■ **EXERCISE MATERIALS**:
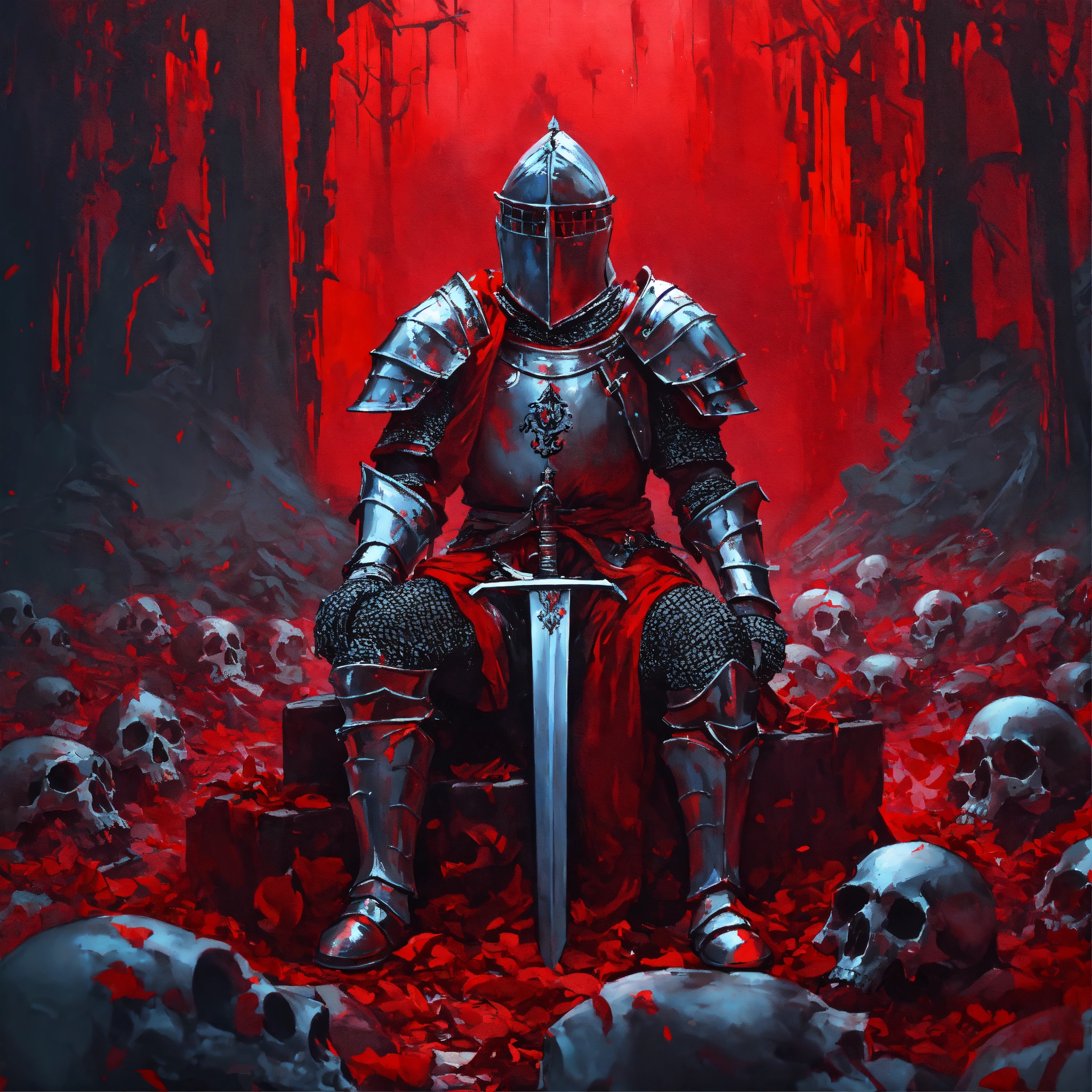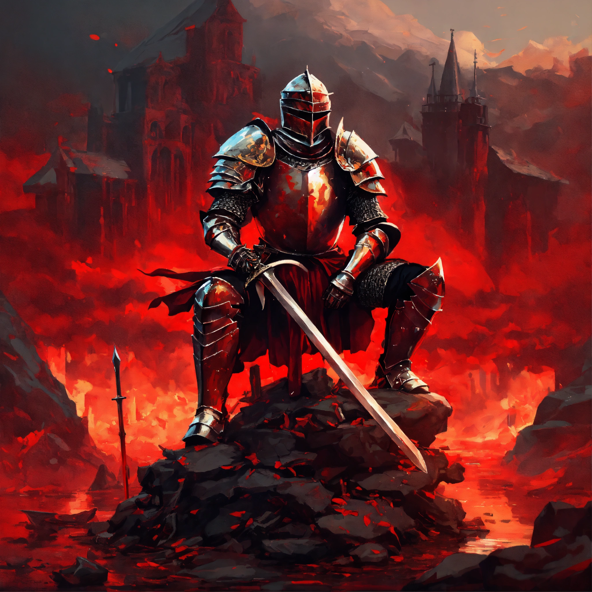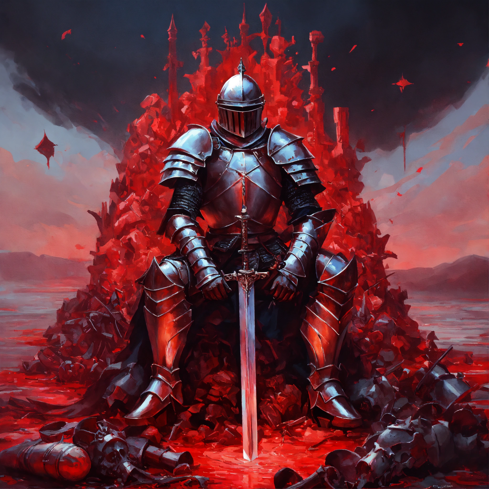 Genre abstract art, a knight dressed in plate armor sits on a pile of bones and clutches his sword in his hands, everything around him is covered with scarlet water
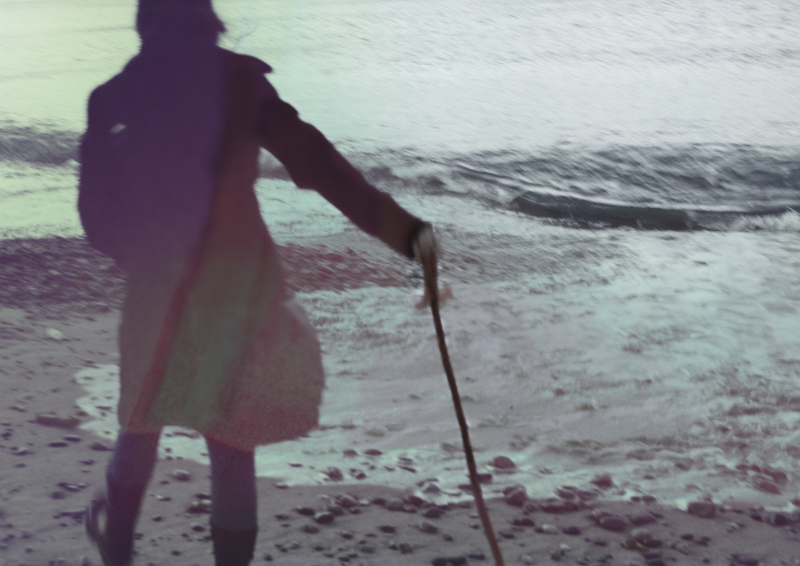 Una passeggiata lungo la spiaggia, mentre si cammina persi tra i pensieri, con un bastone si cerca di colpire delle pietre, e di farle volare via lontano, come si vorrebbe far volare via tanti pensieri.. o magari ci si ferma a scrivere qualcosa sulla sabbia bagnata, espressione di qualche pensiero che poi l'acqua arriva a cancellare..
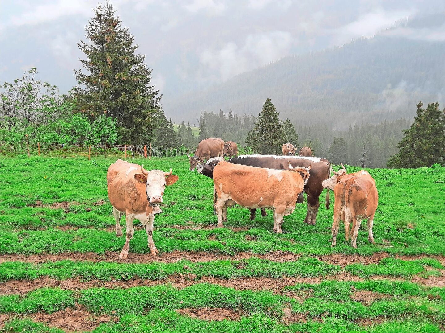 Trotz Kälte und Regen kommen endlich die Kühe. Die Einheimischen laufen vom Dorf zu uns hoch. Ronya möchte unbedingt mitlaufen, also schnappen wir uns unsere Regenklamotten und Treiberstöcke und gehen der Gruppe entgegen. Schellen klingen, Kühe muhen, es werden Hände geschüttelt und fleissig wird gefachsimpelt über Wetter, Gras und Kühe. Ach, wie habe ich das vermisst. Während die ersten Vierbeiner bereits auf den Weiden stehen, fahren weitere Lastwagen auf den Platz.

---

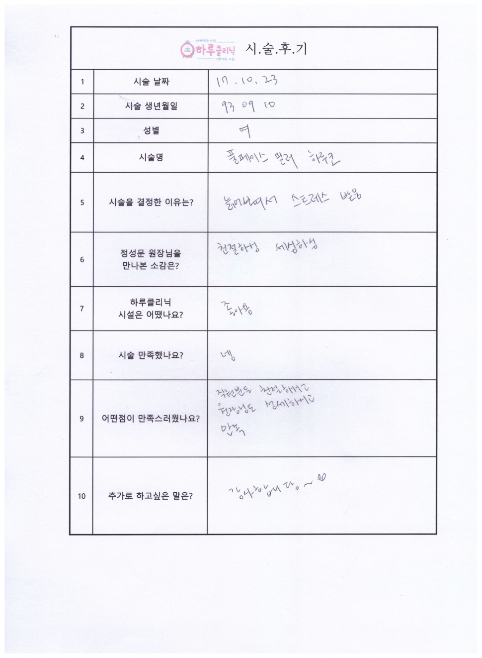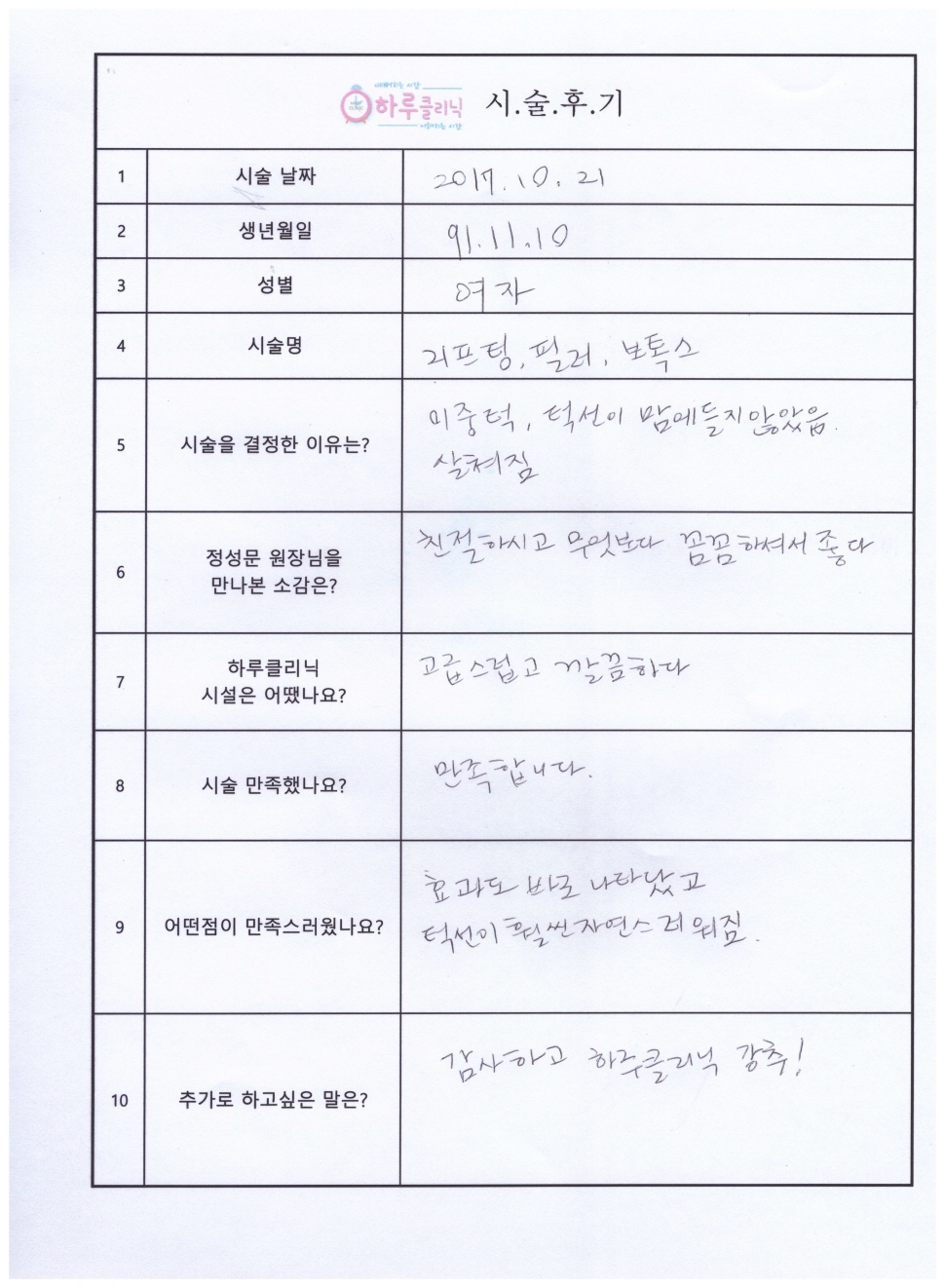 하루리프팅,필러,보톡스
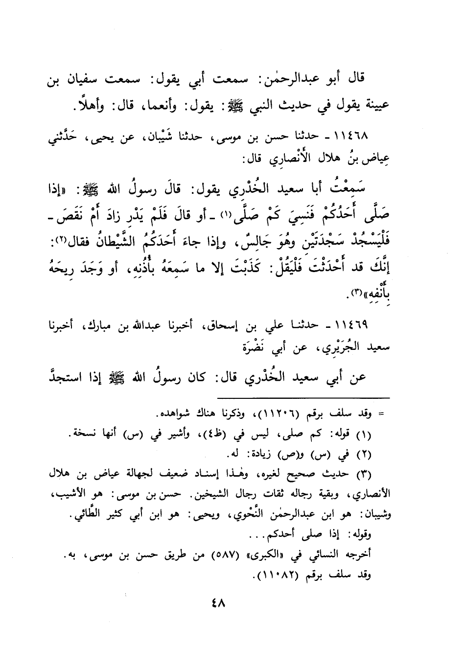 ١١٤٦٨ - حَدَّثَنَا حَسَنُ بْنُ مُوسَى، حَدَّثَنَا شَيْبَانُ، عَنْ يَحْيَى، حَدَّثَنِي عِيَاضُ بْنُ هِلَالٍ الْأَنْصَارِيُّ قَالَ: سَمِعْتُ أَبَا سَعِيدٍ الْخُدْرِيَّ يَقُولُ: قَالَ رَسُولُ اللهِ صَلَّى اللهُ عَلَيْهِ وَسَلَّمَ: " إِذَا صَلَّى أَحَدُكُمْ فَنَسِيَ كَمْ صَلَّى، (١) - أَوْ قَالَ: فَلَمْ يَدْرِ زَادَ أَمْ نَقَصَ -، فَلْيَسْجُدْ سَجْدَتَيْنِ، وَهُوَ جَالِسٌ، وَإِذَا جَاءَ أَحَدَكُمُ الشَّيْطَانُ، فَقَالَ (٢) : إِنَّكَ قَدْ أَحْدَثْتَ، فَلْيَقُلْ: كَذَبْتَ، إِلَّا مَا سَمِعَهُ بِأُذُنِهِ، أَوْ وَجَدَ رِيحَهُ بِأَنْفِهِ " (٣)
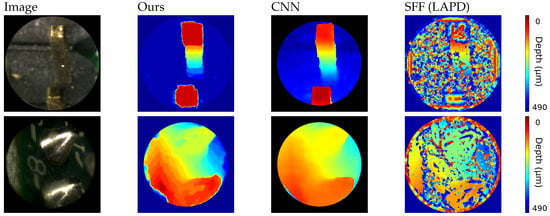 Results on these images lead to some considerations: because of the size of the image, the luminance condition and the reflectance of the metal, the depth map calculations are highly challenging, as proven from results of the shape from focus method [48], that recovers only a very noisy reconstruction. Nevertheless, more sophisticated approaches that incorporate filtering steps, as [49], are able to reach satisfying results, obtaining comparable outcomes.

■ **AIM OF THE EXERCISE**:
Give back exactly the lines above that run from the one with "Una passeggiata lungo" to the one with "Trotz Kälte und", including both, with the pictures left out.

■ **EXPECTED ANSWER**:
 Una passeggiata lungo la spiaggia, mentre si cammina persi tra i pensieri, con un bastone si cerca di colpire delle pietre, e di farle volare via lontano, come si vorrebbe far volare via tanti pensieri.. o magari ci si ferma a scrivere qualcosa sulla sabbia bagnata, espressione di qualche pensiero che poi l'acqua arriva a cancellare..
 Trotz Kälte und Regen kommen endlich die Kühe. Die Einheimischen laufen vom Dorf zu uns hoch. Ronya möchte unbedingt mitlaufen, also schnappen wir uns unsere Regenklamotten und Treiberstöcke und gehen der Gruppe entgegen. Schellen klingen, Kühe muhen, es werden Hände geschüttelt und fleissig wird gefachsimpelt über Wetter, Gras und Kühe. Ach, wie habe ich das vermisst. Während die ersten Vierbeiner bereits auf den Weiden stehen, fahren weitere Lastwagen auf den Platz.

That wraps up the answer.